Task. Copy word for word, please, the lines of the entries below running from the one containing "This document outlines" to the one containing "In các chi tiết", both ends included.

········

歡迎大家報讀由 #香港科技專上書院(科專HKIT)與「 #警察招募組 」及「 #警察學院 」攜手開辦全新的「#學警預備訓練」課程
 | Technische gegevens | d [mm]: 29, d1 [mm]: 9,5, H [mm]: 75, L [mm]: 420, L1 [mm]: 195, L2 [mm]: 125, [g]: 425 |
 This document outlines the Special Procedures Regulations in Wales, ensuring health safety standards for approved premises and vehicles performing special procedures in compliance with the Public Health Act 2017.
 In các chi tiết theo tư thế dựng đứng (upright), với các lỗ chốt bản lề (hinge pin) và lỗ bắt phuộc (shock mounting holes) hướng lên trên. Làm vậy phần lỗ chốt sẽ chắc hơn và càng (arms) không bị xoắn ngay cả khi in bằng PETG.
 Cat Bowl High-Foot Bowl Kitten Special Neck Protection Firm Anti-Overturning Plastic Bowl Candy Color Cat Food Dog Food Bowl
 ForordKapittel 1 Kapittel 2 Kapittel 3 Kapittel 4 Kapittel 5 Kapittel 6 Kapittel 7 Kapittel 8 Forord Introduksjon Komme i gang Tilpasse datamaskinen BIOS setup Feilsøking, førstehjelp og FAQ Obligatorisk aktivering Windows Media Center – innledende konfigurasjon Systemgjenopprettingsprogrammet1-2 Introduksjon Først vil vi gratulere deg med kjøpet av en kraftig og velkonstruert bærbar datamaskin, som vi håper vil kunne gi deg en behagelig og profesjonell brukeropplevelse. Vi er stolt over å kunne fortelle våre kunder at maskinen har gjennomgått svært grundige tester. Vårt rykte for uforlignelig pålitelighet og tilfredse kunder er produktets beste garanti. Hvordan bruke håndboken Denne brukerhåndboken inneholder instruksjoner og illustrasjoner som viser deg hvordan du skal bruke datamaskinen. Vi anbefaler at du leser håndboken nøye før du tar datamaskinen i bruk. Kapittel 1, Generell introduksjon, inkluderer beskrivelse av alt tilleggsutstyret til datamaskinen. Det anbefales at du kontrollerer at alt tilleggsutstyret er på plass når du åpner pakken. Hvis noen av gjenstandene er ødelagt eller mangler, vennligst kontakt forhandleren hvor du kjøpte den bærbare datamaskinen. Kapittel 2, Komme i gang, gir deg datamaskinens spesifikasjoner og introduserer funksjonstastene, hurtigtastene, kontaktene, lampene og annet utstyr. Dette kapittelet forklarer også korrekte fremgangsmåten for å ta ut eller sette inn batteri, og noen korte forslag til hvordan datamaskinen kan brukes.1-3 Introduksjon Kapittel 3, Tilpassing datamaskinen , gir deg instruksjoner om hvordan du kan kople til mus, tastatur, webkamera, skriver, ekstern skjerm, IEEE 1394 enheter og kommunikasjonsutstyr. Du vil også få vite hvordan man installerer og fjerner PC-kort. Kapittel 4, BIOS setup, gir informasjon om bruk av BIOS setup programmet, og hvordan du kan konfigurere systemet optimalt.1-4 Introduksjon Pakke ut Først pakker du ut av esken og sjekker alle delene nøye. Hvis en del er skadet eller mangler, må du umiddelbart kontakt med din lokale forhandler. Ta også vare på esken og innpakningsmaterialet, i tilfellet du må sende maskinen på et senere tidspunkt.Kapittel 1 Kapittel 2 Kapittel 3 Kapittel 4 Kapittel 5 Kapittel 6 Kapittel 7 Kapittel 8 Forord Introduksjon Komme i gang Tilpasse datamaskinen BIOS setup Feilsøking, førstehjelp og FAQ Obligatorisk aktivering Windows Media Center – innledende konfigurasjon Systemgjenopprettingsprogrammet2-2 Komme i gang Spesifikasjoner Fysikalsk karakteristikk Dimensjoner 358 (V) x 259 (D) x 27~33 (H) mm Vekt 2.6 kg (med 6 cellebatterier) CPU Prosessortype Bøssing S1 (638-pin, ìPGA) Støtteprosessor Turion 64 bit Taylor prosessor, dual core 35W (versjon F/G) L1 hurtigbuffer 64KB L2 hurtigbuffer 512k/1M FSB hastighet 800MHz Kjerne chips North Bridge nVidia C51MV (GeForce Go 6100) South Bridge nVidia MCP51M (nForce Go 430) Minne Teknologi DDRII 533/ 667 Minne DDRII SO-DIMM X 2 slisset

········

Answer.
 This document outlines the Special Procedures Regulations in Wales, ensuring health safety standards for approved premises and vehicles performing special procedures in compliance with the Public Health Act 2017.
 In các chi tiết theo tư thế dựng đứng (upright), với các lỗ chốt bản lề (hinge pin) và lỗ bắt phuộc (shock mounting holes) hướng lên trên. Làm vậy phần lỗ chốt sẽ chắc hơn và càng (arms) không bị xoắn ngay cả khi in bằng PETG.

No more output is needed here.